Let’s try with increasing target_accept and the number of tune samples.

idata_hierarchical = model_hierarchical.fit(tune=2000, draws=2000, target_accept=0.95, random_seed=random_seed)
Auto-assigning NUTS sampler...
Initializing NUTS using jitter+adapt_diag...
Multiprocess sampling (2 chains in 2 jobs)
NUTS: [Intercept, 1|playerID_sigma, 1|playerID_offset]
100.00% [8000/8000 00:17<00:00 Sampling 2 chains, 0 divergences]
Sampling 2 chains for 2_000 tune and 2_000 draw iterations (4_000 + 4_000 draws total) took 18 seconds.
var_names = ["Intercept", "1|playerID", "1|playerID_sigma"]
az.plot_trace(idata_hierarchical, var_names=var_names, compact=False);

Let’s jump onto the next section where we plot and compare the probability of hit for the players using both models.

Compare predictions

Now we’re going to plot the distribution of the probability of hit for each player, using both models.

But before doing that, we need to obtain the posterior in that scale. We could manually take the posterior of the coefficients, compute the linear predictor, and transform that to the probability scale. But that’s a lot of work!

Fortunately, Bambi models have a method called .predict() that we can use to predict in the probability scale. By default, it modifies in-place the InferenceData object we pass to it. Then, the posterior samples can be found in the variable p(H, AB)_mean.

model_non_hierarchical.predict(idata_non_hierarchical)
model_hierarchical.predict(idata_hierarchical)

Let’s create a forestplot using the posteriors obtained with both models so we can compare them very easily .

_, ax = plt.subplots(figsize = (8, 8))

# Add vertical line for the global probability of hitting
ax.axvline(x=(df["H"] / df["AB"]).mean(), ls="--", color="black", alpha=0.5)

# Create forestplot with ArviZ, only for the mean.
az.plot_forest(
    [idata_non_hierarchical, idata_hierarchical], 
    var_names="p(H, AB)_mean", 
    combined=True, 
    colors=["#666666", RED], 
    linewidth=2.6, 
    markersize=8,
    ax=ax
)

# Create custom y axis tick labels
ylabels = [f"H: {round(h)}, AB: {round(ab)}" for h, ab in zip(df["H"].values, df["AB"].values)]
ylabels = list(reversed(ylabels))

# Put the labels for the y axis in the mid of the original location of the tick marks.
ax.set_yticklabels(ylabels, ha="right")

# Create legend
handles = [
    Patch(label="Non-hierarchical", facecolor="#666666"),
    Patch(label="Hierarchical", facecolor=RED),
    Line2D([0], [0], label="Mean probability", ls="--", color="black", alpha=0.5)
]

legend = ax.legend(handles=handles, loc=4, fontsize=14, frameon=True, framealpha=0.8);

One of the first things one can see is that not only the center of the distributions varies but also their dispersion.

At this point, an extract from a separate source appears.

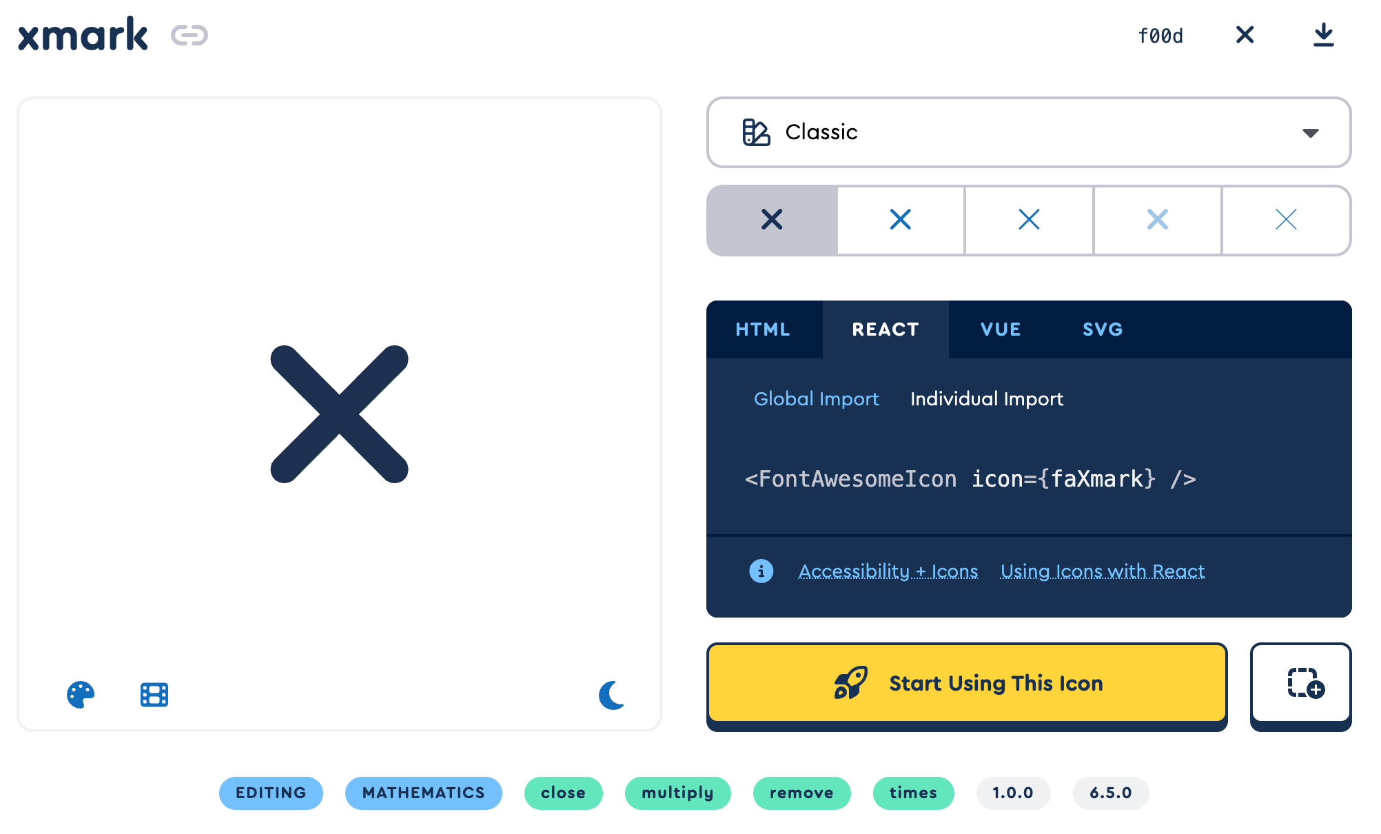 import { FontAwesomeIcon } from '@fortawesome/react-fontawesome'; // 여러 아이콘을 사용하고 싶다면 ,로 구분해서 추가해주기 import { faXmark, faPenToSquare } from '@fortawesome/free-solid-svg-icons';사용하고 싶은 아이콘의 이름은 FontAwesome 사이트에서 검색 → React 탭의 Individual import에서 확인이 가능하다. (기본 이름을 확인하고 에디터에서 미리보기를 활용하여 import 하는 것도 가능하다.)

Those posteriors that are very wide are associated with players who have batted only once or few times, while tighter posteriors correspond to players who batted several times.

Players who have extreme empirical proportions have similar extreme posteriors under the non-hierarchical model. However, under the hierarchical model, these distributions are now shrunk towards the global mean. Extreme values are very unlikely under the hierarchical model.

And finally, paraphrasing Eric, there’s nothing ineherently right or wrong about shrinkage and hierarchical models. Whether this is reasonable or not depends on our prior knowledge about the problem. And to me, after having seen the hit rates of the other players, it is much more reasonable to shrink extreme posteriors based on very few data points towards the global mean rather than just let them concentrate around 0 or 1.

%load_ext watermark
%watermark -n -u -v -iv -w
Last updated: Thu Jan 05 2023

Python implementation: CPython
Python version       : 3.10.4
IPython version      : 8.5.0

sys       : 3.10.4 (main, Mar 31 2022, 08:41:55) [GCC 7.5.0]
arviz     : 0.14.0
matplotlib: 3.6.2
bambi     : 0.9.3
numpy     : 1.23.5

Watermark: 2.3.1

Footnotes

  1. By default, the .predict() method obtains the posterior for the mean of the likelihood distribution. This mean would be \(np\) for the Binomial family. However, since \(n\) varies from observation to observation, it returns the value of \(p\), as if it was a Bernoulli family.

  2. .predict()just appends _mean to the name of the response to indicate it is the posterior of the mean.